Learning from 10 Demos: Generalisable and Sample-Efficient Policy Learning with Oriented Affordance Frames
- URL: http://arxiv.org/abs/2410.12124v2
- Date: Sun, 31 Aug 2025 00:47:29 GMT
- Title: Learning from 10 Demos: Generalisable and Sample-Efficient Policy Learning with Oriented Affordance Frames
- Authors: Krishan Rana, Jad Abou-Chakra, Sourav Garg, Robert Lee, Ian Reid, Niko Suenderhauf,
- Abstract summary: Existing methods require a substantial number of demonstrations to cover possible task variations.<n>We introduce oriented affordance frames, a structured representation for state and action spaces.<n>We show how this abstraction allows for compositional generalisation of independently trained sub-policies.<n>We validate our method across three real-world tasks, each requiring multi-step, multi-object interactions.

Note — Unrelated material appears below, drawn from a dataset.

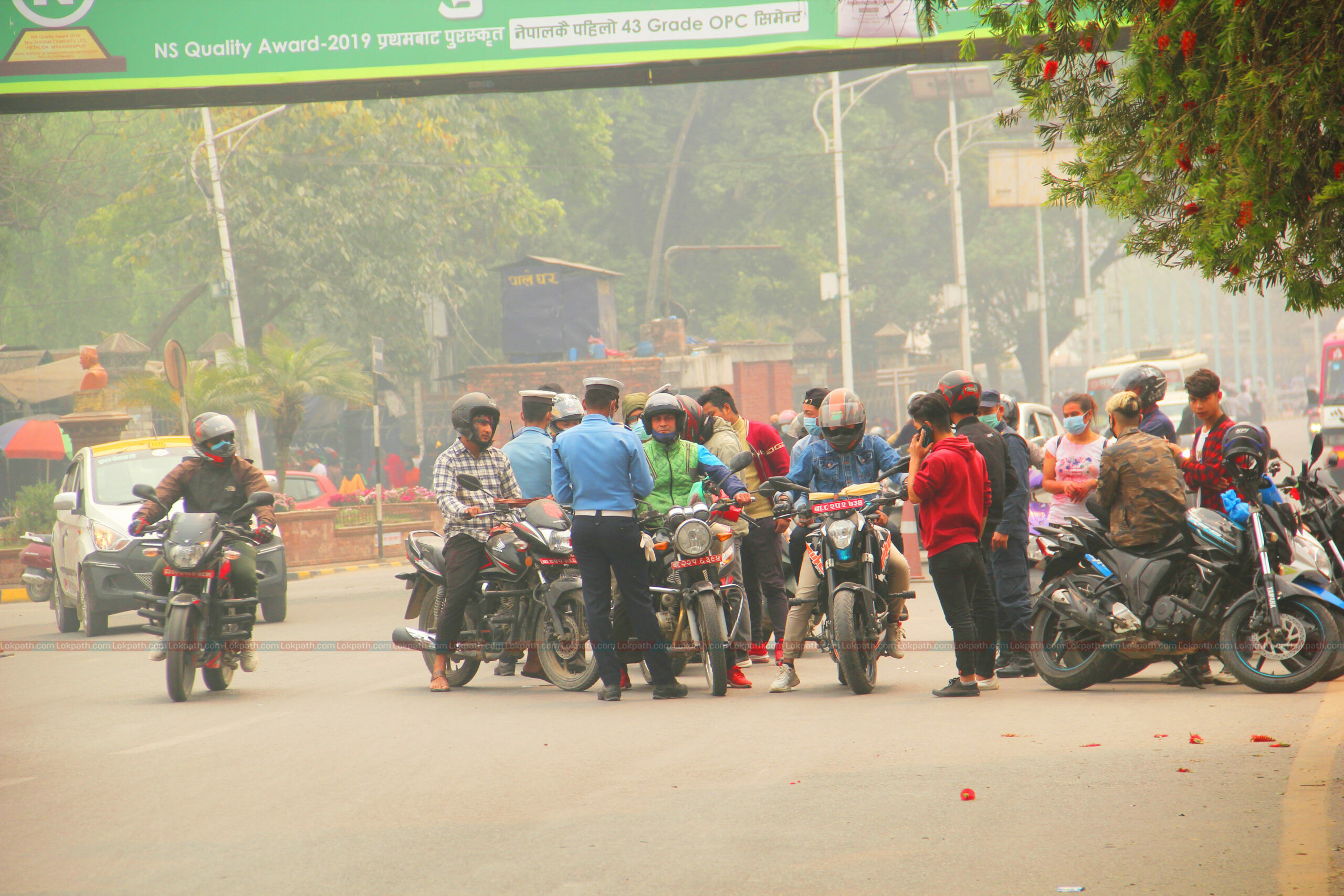 ट्राफिक प्रहरीले अवाञ्छित गतिविधि, दुर्घटना र कोरोना महामारीलाई ध्यानमा राखेर आज बिहानै देखि सवारी चेकिङलाई कडाई गरेको हो । काठमाडौं उपत्यकाका चोकचोकमा ट्राफिक चेकिङ भइरहेको छ । मादक पदार्थ सेवन गरेर सवारी चलाउने, हेल्मेट नलगाउने, क्षमता भन्दा बढी यात्रु बोक्ने लागयतका सवारी चालकलाई कारबाही गरिएको ट्राफिक प्रहरीले बताएको छ ।

- Score: 10.738838923944876
- License: http://creativecommons.org/licenses/by/4.0/
- Abstract: Imitation learning has unlocked the potential for robots to exhibit highly dexterous behaviours. However, it still struggles with long-horizon, multi-object tasks due to poor sample efficiency and limited generalisation. Existing methods require a substantial number of demonstrations to cover possible task variations, making them costly and often impractical for real-world deployment. We address this challenge by introducing oriented affordance frames, a structured representation for state and action spaces that improves spatial and intra-category generalisation and enables policies to be learned efficiently from only 10 demonstrations. More importantly, we show how this abstraction allows for compositional generalisation of independently trained sub-policies to solve long-horizon, multi-object tasks. To seamlessly transition between sub-policies, we introduce the notion of self-progress prediction, which we directly derive from the duration of the training demonstrations. We validate our method across three real-world tasks, each requiring multi-step, multi-object interactions. Despite the small dataset, our policies generalise robustly to unseen object appearances, geometries, and spatial arrangements, achieving high success rates without reliance on exhaustive training data. Video demonstration can be found on our project page: https://affordance-policy.github.io/.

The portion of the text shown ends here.